(no title)
WSSP | 4 years ago
not that I think burnout isn't real; I think the test is if the person can easily move on to their next thing or not
WSSP | 4 years ago
not that I think burnout isn't real; I think the test is if the person can easily move on to their next thing or not
bradlys|4 years ago
I think this perspective is one that is a bit too privileged. Even in tech - many of us don’t have the ability to take 6+ month breaks between jobs, find ourselves again, and figure out a way to align the work/life balance. I spent a few months between my last job and my current.
You know what I did during that time almost completely? Interview. It’s why I left the other job - I didn’t have enough time to study and interview. 20+ interviews a week. Studying. Applying. Etc. Doing 3-4 onsites/week for a month at a time. Using my “off” days to study more. I took about a month off between accepting the final offer and starting the new job. It wasn’t enough but I had burned through a lot of my savings because of having to exercise options at my last company, pay AMT on exercising said options, and having to pay for another person who lived with me while living in one of the most expensive parts of the world cause all the jobs are here. (ex-wife who was in college and not working)
Again - feel like this is a very privileged attitude to take about being able to move onto the next thing. Most of us don’t really get an option. You just have to.
Getting to choose your job and when you move onto it seems like something only multi-millionaires I know do. The rest of us just slog through it because we have no other choice.
emeraldunicorn9|4 years ago
But then there is the issue with taking a break. Maybe this is more a problem that women experience, but I'd be interested if men feel like they experience it, too. However, when you have gaps in your employment, I have felt that people didn't respond very positively to that and wanted to know why you had a break and what you were doing it. Because god forbid you weren't doing something "productive" during that time.

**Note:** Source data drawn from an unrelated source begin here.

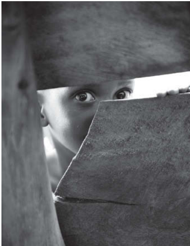
A child peers through the slats of a church at a Habitat for Humanity Uganda training in Mayuge, Uganda.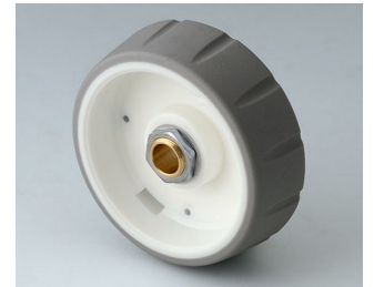
B7146064 CONTROL-KNOBS 46 PC volcano 46x14.7mm 6mm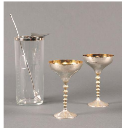
Glass and silver mixer, Denmark, 1949, £1,100 and a pair of silver goblets by Stuart Devlin, 1976, £1,775 the pair from Stephen Kalms Antiques

Visitors can enjoy a meal in Browns, The Mere's contemporary restaurant with 2AA rosettes or for a simpler option, there are light refreshments within the fair and free parking making it a one-stop shop and an entertaining day out. Bridgefields is on hand to pack and deliver items locally or anywhere in the world.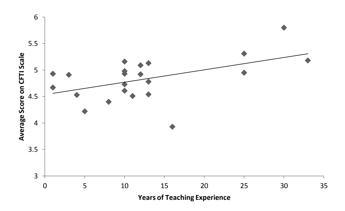
Figure 1: Scatterplot showing the strong positive relationship between teachers' reported years of teaching experience and overall average score on the CFTI.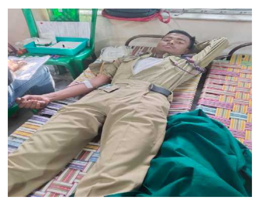
Some of our Cadets Donated Blood on 25/11/2017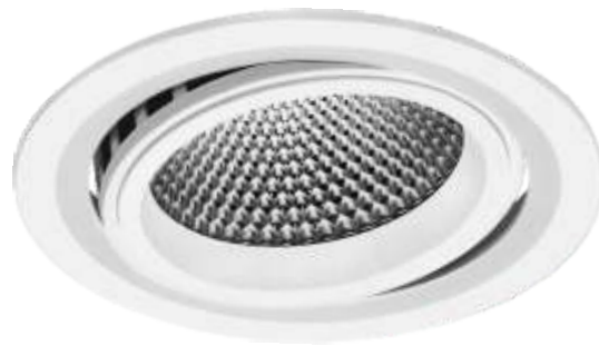
Available Reflector Deg.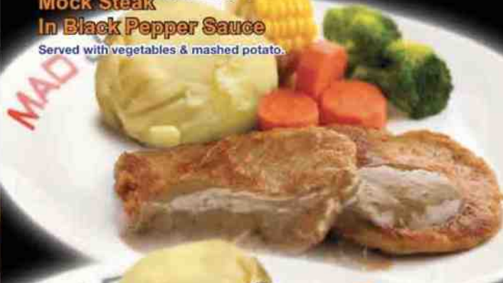
Mock Steak In Black Pepper Sauce Served with vegetables & mashed potato.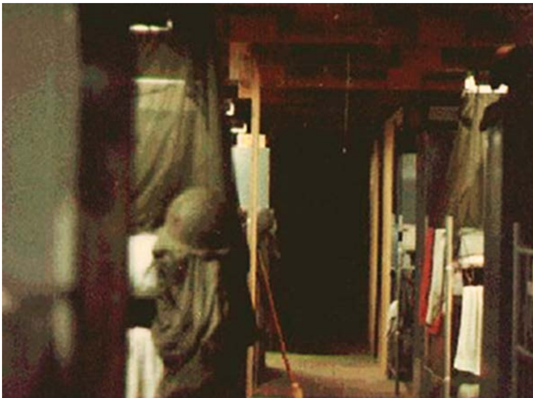
2. Đà Nẵng AB: Inside of SPS Airmen's barracks. Photo by Alan Ellison, 1968.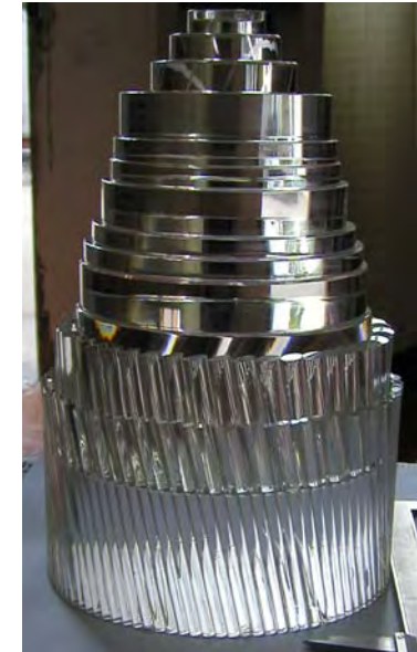
Its bright, it's shiny - it's a Solid Crystal Model from Idrawfast. Can you imagine your building looking just like this? Call us today.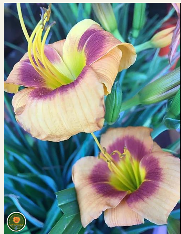
OPEN DAYLILIES Dennis's Plant Garden Botanical IMG 1983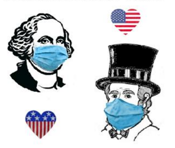
... Monday, 15 February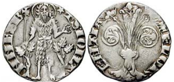
Silver Popolino- Florence, circa 1306. Motifs and inscriptions are the same as the Florin

Both the gold florin and the silver Popolino have the inscription FLORENTIA and the Italian Fleur de lis motif on the obverse, and St John the Baptist, with the inscription S IOHANNES, on the reverse.

The way our work style is makes it feel like burnout begets more burnout because the options to escape burnout might not actually be feasible for every individual.
WSSP|4 years ago
but yes I agree anyone who can takes months off work without financial stress should consider themselves fortunate. I know (non-parent) people who did that who were far from multi-millionaires though
derbOac|4 years ago
There was another piece recently (at The Atlantic?) that was talking about how many cases of burnout are really better thought of as moral injury.
This perspective seemed closer to home for me. It's not the work per se, not the hours (although I think it can be that) -- it's this increasing gap between what your job is on paper, and what it actually is, and no acknowledgment of it from institutions or society, no recognition of it being a problem in your career or workplace, or the dysfunction and pain it causes.
In my case, I think initially some saw it as burnout or needing a break. I had friends talk to me about their own resistance to it in terms of their work ethic or some nonsense like that. But they worked in places with functional departments, where nothing remotely similar would happen to them, where there were support structures in place for things that needed to happen, and so forth and so on. Every job has some stuff that you let slide, that's less than optimal or ideal from a moral or ethical perspective, that you do for practical reasons, or whatever, but there's a point where the gap just gets to be too much, and when your workplace or even field isn't acknowledging the stuff going on, or minimizing it, it starts to feel hopeless.
The Atlantic piece was talking about this all in terms of nursing and all the issues involved, how it wasn't the workload that caused people to resign, it was, to paraphrase, this moral crisis, or crisis of dignity or something. Stuff having to do with healthcare system collapse, the culture in healthcare and in the US and so forth.
I think from what I've seen with myself and colleagues, "moral dissonance" or something might be closer to the right word than "moral injury", although neither are quite right. I'm not sure there's a term I've heard that gets it right. It's like the train has run off the track, and you either stay on board because on paper it's still on the track and you get benefits from it (material and otherwise), or you jump off the train and hit the ground but at least don't let the train carry you away.
I do think in some cases it's about the hours. But in many cases it really isn't about the hours, it's that there's enormous problems that everyone is ignoring or minimizing one way or another.